2016-03-18 Thread roger peppe
On 16 March 2016 at 15:04, Kapil Thangavelu  wrote:
> Relations have associated config schemas that can be set by the user
> creating the relation. I.e. I could run one autoscaling service and
> associate with relation config for autoscale options to the relation with a
> given consumer service.

Great, I hoped that's what you meant.
I'm also +1 on this feature - it would enable all kinds of useful flexibility.

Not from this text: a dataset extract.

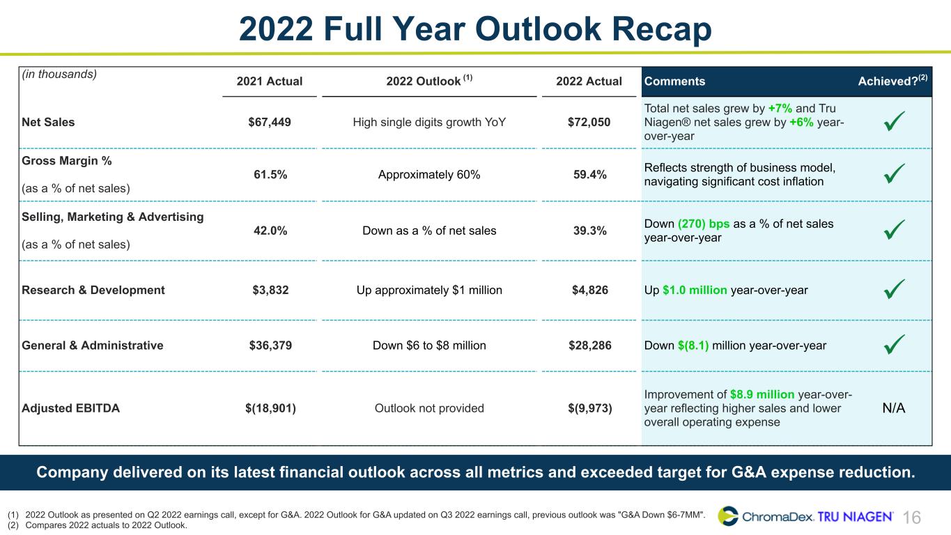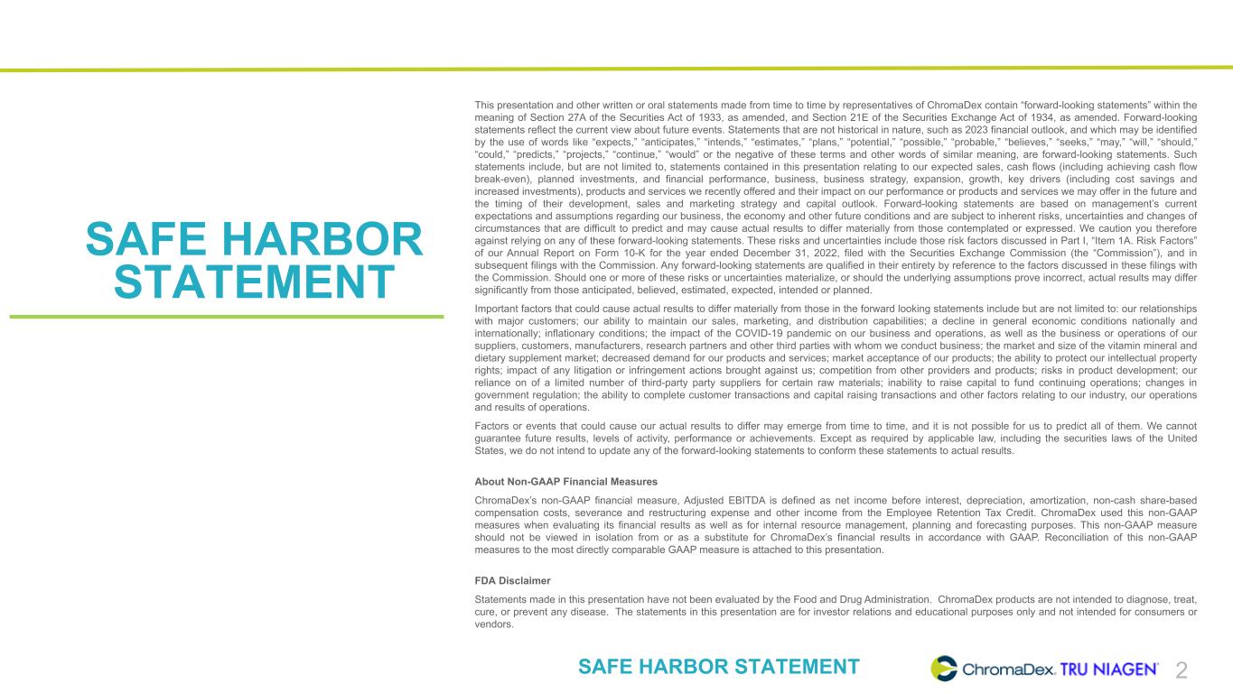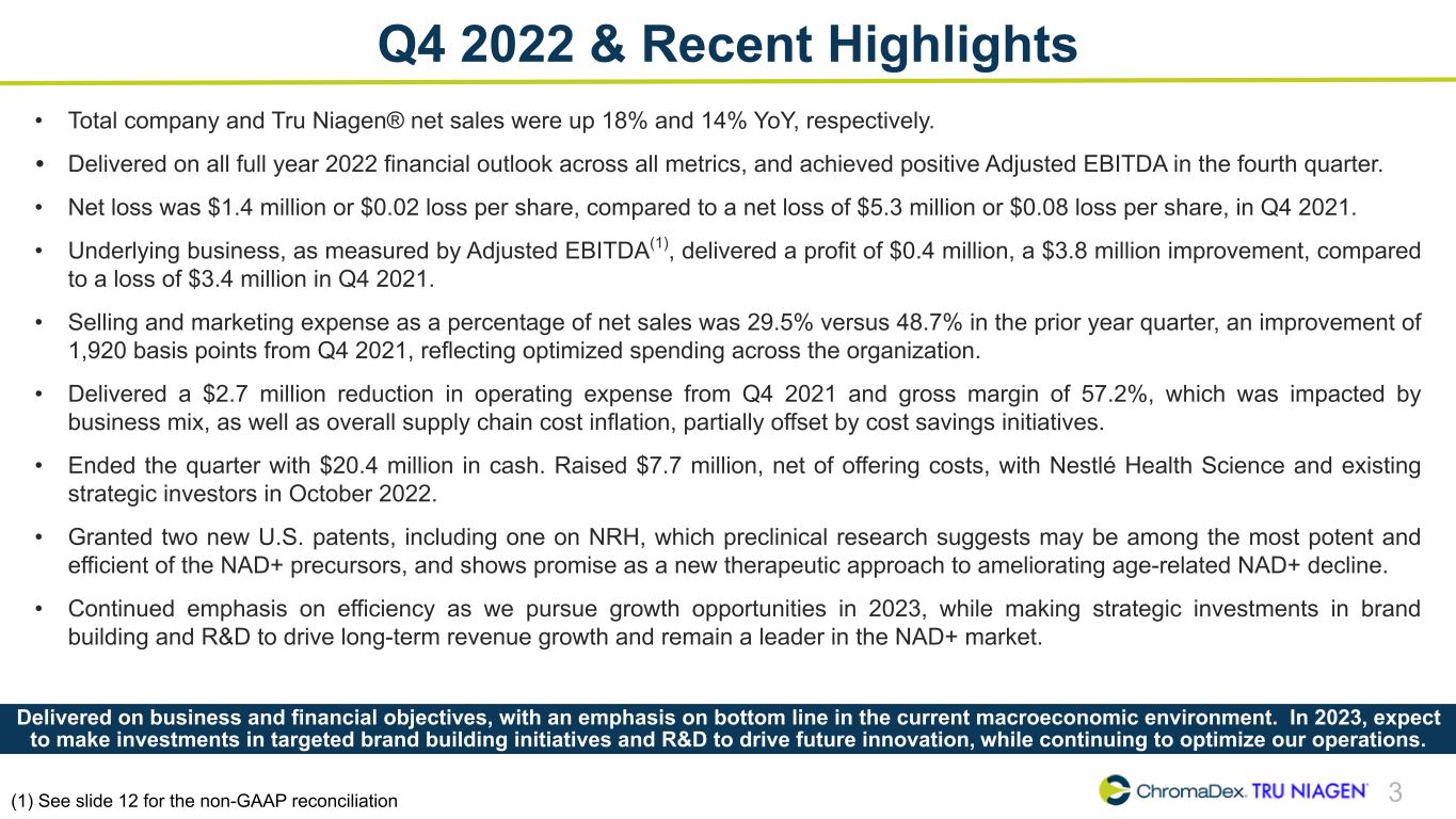 2 SAFE HARBOR STATEMENT This presentation and other written or oral statements made from time to time by representatives of ChromaDex contain “forward-looking statements” within the meaning of Section 27A of the Securities Act of 1933, as amended, and Section 21E of the Securities Exchange Act of 1934, as amended. Forward-looking statements reflect the current view about future events. Statements that are not historical in nature, such as 2023 financial outlook, and which may be identified by the use of words like “expects,” “anticipates,” “intends,” “estimates,” “plans,” “potential,” “possible,” “probable,” “believes,” “seeks,” “may,” “will,” “should,” “could,” “predicts,” “projects,” “continue,” “would” or the negative of these terms and other words of similar meaning, are forward-looking statements. Such statements include, but are not limited to, statements contained in this presentation relating to our expected sales, cash flows (including achieving cash flow break-even), planned investments, and financial performance, business, business strategy, expansion, growth, key drivers (including cost savings and increased investments), products and services we recently offered and their impact on our performance or products and services we may offer in the future and the timing of their development, sales and marketing strategy and capital outlook. Forward-looking statements are based on management’s current expectations and assumptions regarding our business, the economy and other future conditions and are subject to inherent risks, uncertainties and changes of circumstances that are difficult to predict and may cause actual results to differ materially from those contemplated or expressed. We caution you therefore against relying on any of these forward-looking statements. These risks and uncertainties include those risk factors discussed in Part I, “Item 1A. Risk Factors” of our Annual Report on Form 10-K for the year ended December 31, 2022, filed with the Securities Exchange Commission (the “Commission”), and in subsequent filings with the Commission. Any forward-looking statements are qualified in their entirety by reference to the factors discussed in these filings with the Commission. Should one or more of these risks or uncertainties materialize, or should the underlying assumptions prove incorrect, actual results may differ significantly from those anticipated, believed, estimated, expected, intended or planned. Important factors that could cause actual results to differ materially from those in the forward looking statements include but are not limited to: our relationships with major customers; our ability to maintain our sales, marketing, and distribution capabilities; a decline in general economic conditions nationally and internationally; inflationary conditions; the impact of the COVID-19 pandemic on our business and operations, as well as the business or operations of our suppliers, customers, manufacturers, research partners and other third parties with whom we conduct business; the market and size of the vitamin mineral and dietary supplement market; decreased demand for our products and services; market acceptance of our products; the ability to protect our intellectual property rights; impact of any litigation or infringement actions brought against us; competition from other providers and products; risks in product development; our reliance on of a limited number of third-party party suppliers for certain raw materials; inability to raise capital to fund continuing operations; changes in government regulation; the ability to complete customer transactions and capital raising transactions and other factors relating to our industry, our operations and results of operations. Factors or events that could cause our actual results to differ may emerge from time to time, and it is not possible for us to predict all of them. We cannot guarantee future results, levels of activity, performance or achievements. Except as required by applicable law, including the securities laws of the United States, we do not intend to update any of the forward-looking statements to conform these statements to actual results. About Non-GAAP Financial Measures ChromaDex’s non-GAAP financial measure, Adjusted EBITDA is defined as net income before interest, depreciation, amortization, non-cash share-based compensation costs, severance and restructuring expense and other income from the Employee Retention Tax Credit. ChromaDex used this non-GAAP measures when evaluating its financial results as well as for internal resource management, planning and forecasting purposes. This non-GAAP measure should not be viewed in isolation from or as a substitute for ChromaDex’s financial results in accordance with GAAP. Reconciliation of this non-GAAP measures to the most directly comparable GAAP measure is attached to this presentation. FDA Disclaimer Statements made in this presentation have not been evaluated by the Food and Drug Administration. ChromaDex products are not intended to diagnose, treat, cure, or prevent any disease. The statements in this presentation are for investor relations and educational purposes only and not intended for consumers or vendors. SAFE HARBOR STATEMENT

One recent example I've come across that could use this feature
is that we've got a service that can hand out credentials to services
that are related to it. At the moment the only way to state that
certain services should be handed certain classes of credential
is to have a config value that holds a map of service name to
credential info, which doesn't seem great - it's awkward, easy
to get wrong, and when a service goes away, its associated info
hangs around.

Having the credential info associated with the relation itself would be perfect.

>
> On Wed, Mar 16, 2016 at 9:17 AM roger peppe 
> wrote:
>>
>> On 16 March 2016 at 12:31, Kapil Thangavelu  wrote:
>> >
>> >
>> > On Tue, Mar 8, 2016 at 6:51 PM, Mark Shuttleworth 
>> > wrote:
>> >>
>> >> Hi folks
>> >>
>> >> We're starting to think about the next development cycle, and gathering
>> >> priorities and requests from users of Juju. I'm writing to outline some
>> >> current topics and also to invite requests or thoughts on relative
>> >> priorities - feel free to reply on-list or to me privately.
>> >>
>> >> An early cut of topics of interest is below.
>> >>
>> >> Operational concerns
>> >>
>> >> * LDAP integration for Juju controllers now we have multi-user
>> >> controllers
>> >> * Support for read-only config
>> >> * Support for things like passwords being disclosed to a subset of
>> >> user/operators
>> >> * LXD  container migration
>> >> * Shared uncommitted state - enable people to collaborate around
>> >> changes
>> >> they want to make in a model
>> >>
>> >> There has also been quite a lot of interest in log control - debug
>> >> settings for logging, verbosity control, and log redirection as a
>> >> systemic
>> >> property. This might be a good area for someone new to the project to
>> >> lead
>> >> design and implementation. Another similar area is the idea of
>> >> modelling
>> >> machine properties - things like apt / yum repositories, cache settings
>> >> etc,
>> >> and having the machine agent setup the machine / vm / container
>> >> according to
>> >> those properties.
>> >>
>> >
>> > ldap++. as brought up in the user list better support for aws best
>> > practice
>> > credential management, ie. bootstrapping with transient credentials (sts
>> > role assume, needs AWS_SECURITY_TOKEN support), and instance role for
>> > state
>> > servers.
>> >
>> >
>> >>
>> >> Core Model
>> >>
>> >>  * modelling individual services (i.e. each database exported by the db
>> >> application)
>> >>  * rich status (properties of those services and the application
>> >> itself)
>> >>  * config schemas and validation
>> >>  * relation config
>> >>
>> >> There is also interest in being able to invoke actions across a
>> >> relation
>> >> when the relation interface declares them. This would allow, for
>> >> example, a
>> >> benchmark operator charm to trigger benchmarks through a relation
>> >> rather
>> >> than having the operator do it manually.
>> >>
>> >
>> > in priority order, relation config
>>
>> What do you understand by the term "relation config"?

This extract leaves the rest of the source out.